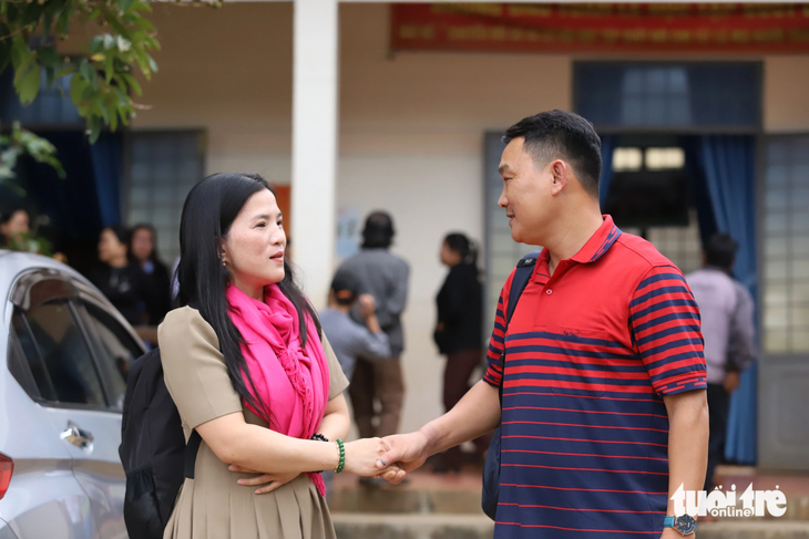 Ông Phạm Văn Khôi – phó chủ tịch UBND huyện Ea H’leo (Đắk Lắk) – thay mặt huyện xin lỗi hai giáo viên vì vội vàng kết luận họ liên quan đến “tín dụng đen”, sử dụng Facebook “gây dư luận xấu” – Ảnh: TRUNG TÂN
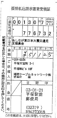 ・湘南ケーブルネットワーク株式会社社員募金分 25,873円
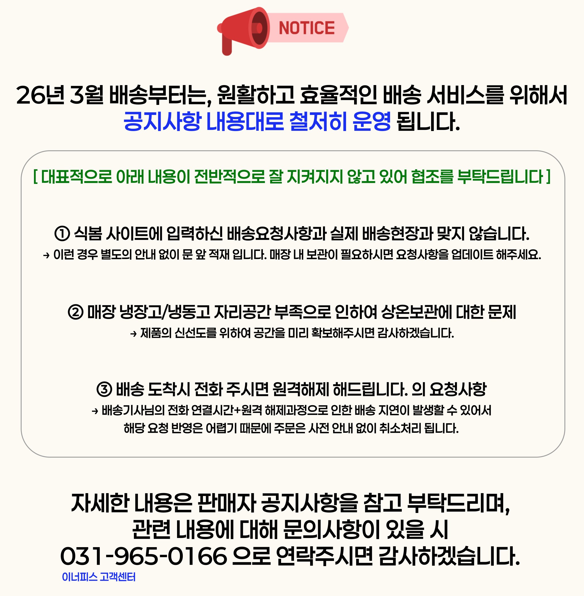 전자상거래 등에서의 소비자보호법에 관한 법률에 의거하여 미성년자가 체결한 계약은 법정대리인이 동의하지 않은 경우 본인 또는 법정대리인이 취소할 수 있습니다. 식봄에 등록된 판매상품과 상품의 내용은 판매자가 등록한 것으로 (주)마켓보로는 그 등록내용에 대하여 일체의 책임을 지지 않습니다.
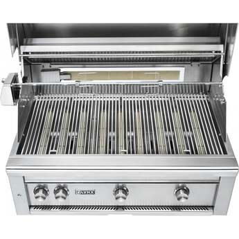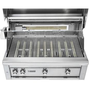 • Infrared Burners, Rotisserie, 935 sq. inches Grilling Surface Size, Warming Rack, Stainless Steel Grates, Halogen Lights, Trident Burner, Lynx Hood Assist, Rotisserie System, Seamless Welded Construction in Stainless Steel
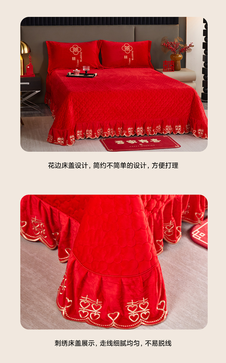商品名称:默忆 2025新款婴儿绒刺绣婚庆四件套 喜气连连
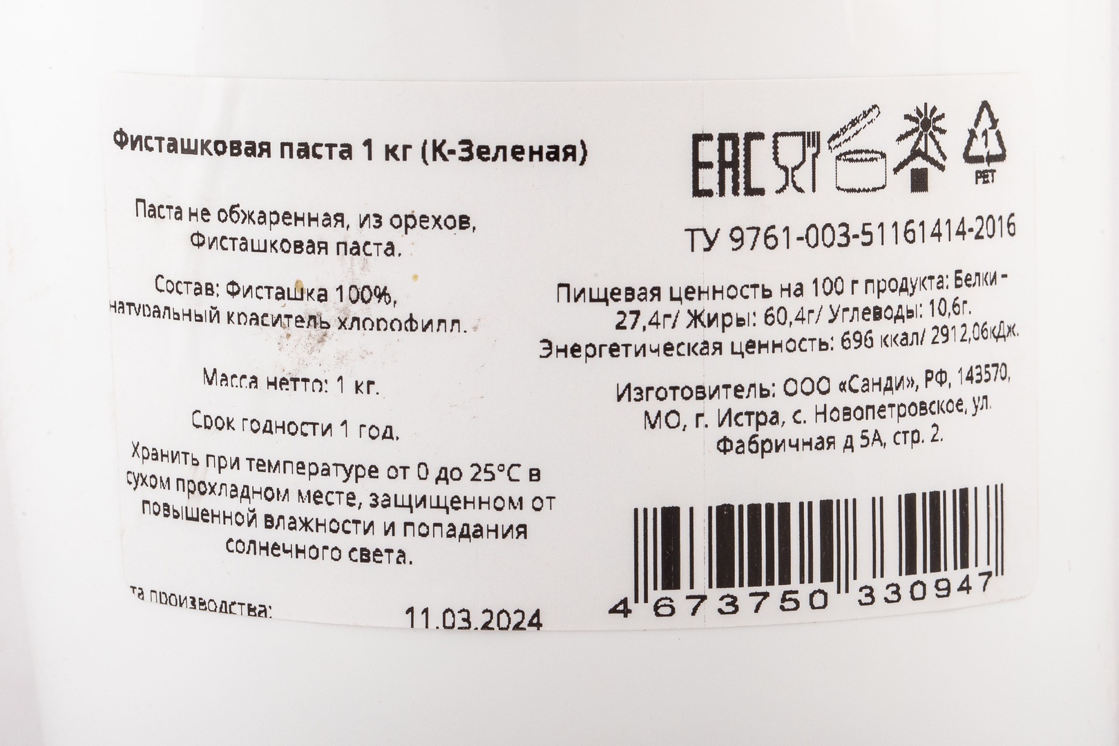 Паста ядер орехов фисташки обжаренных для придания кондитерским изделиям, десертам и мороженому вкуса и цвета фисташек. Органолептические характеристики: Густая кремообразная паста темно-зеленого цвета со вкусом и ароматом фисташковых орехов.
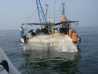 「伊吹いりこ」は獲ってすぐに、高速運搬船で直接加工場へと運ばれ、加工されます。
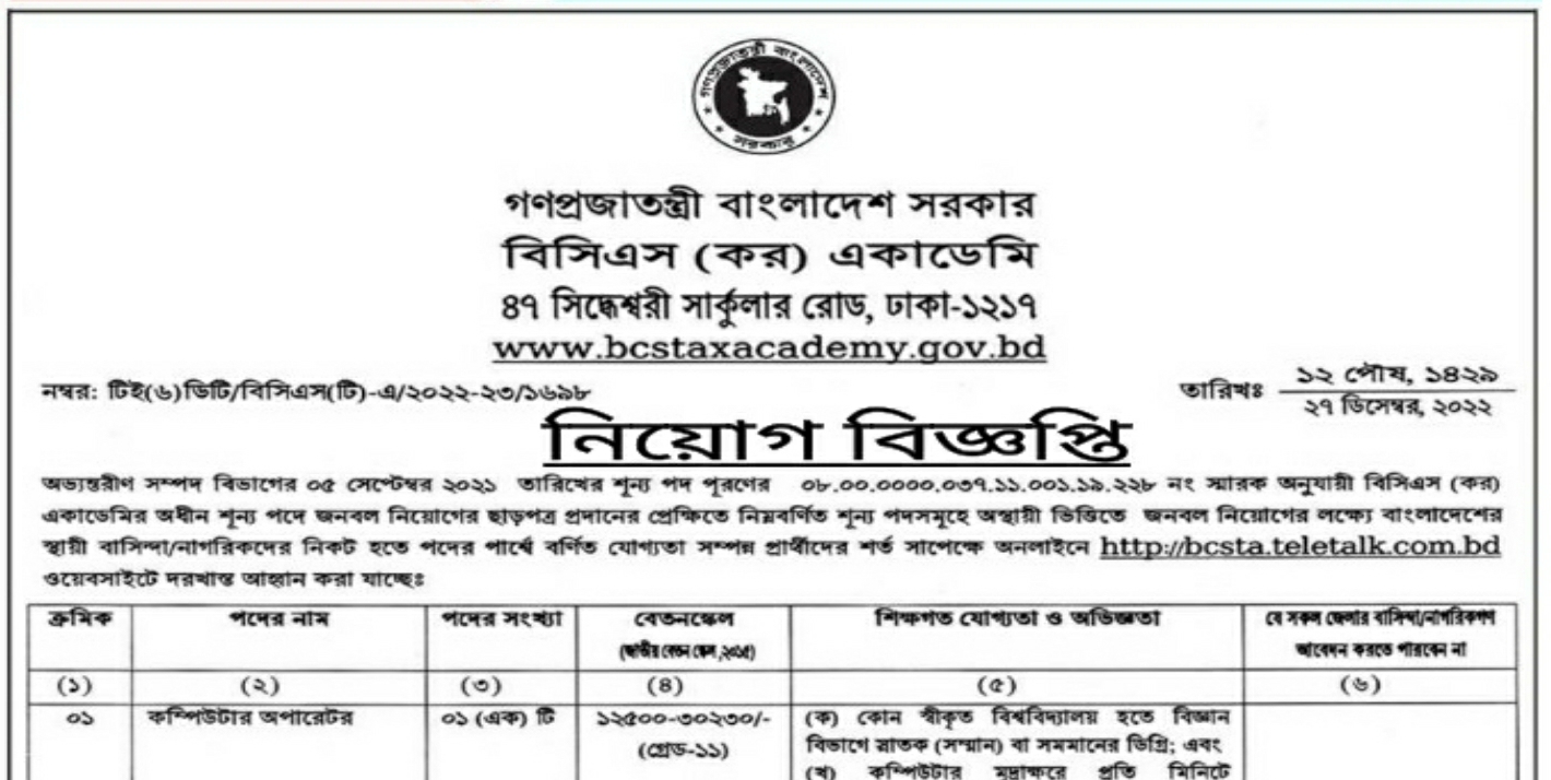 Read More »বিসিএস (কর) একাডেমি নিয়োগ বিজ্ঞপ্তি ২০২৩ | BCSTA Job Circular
━━━━
• _What you will do_
Set down the entries again without change. Leave the pictures out.

• _Solution to this exercise_
 Ông Phạm Văn Khôi – phó chủ tịch UBND huyện Ea H’leo (Đắk Lắk) – thay mặt huyện xin lỗi hai giáo viên vì vội vàng kết luận họ liên quan đến “tín dụng đen”, sử dụng Facebook “gây dư luận xấu” – Ảnh: TRUNG TÂN
 ・湘南ケーブルネットワーク株式会社社員募金分 25,873円
 전자상거래 등에서의 소비자보호법에 관한 법률에 의거하여 미성년자가 체결한 계약은 법정대리인이 동의하지 않은 경우 본인 또는 법정대리인이 취소할 수 있습니다. 식봄에 등록된 판매상품과 상품의 내용은 판매자가 등록한 것으로 (주)마켓보로는 그 등록내용에 대하여 일체의 책임을 지지 않습니다.
 • Infrared Burners, Rotisserie, 935 sq. inches Grilling Surface Size, Warming Rack, Stainless Steel Grates, Halogen Lights, Trident Burner, Lynx Hood Assist, Rotisserie System, Seamless Welded Construction in Stainless Steel
商品名称:默忆 2025新款婴儿绒刺绣婚庆四件套 喜气连连
 Паста ядер орехов фисташки обжаренных для придания кондитерским изделиям, десертам и мороженому вкуса и цвета фисташек. Органолептические характеристики: Густая кремообразная паста темно-зеленого цвета со вкусом и ароматом фисташковых орехов.
 「伊吹いりこ」は獲ってすぐに、高速運搬船で直接加工場へと運ばれ、加工されます。
 Read More »বিসিএস (কর) একাডেমি নিয়োগ বিজ্ঞপ্তি ২০২৩ | BCSTA Job Circular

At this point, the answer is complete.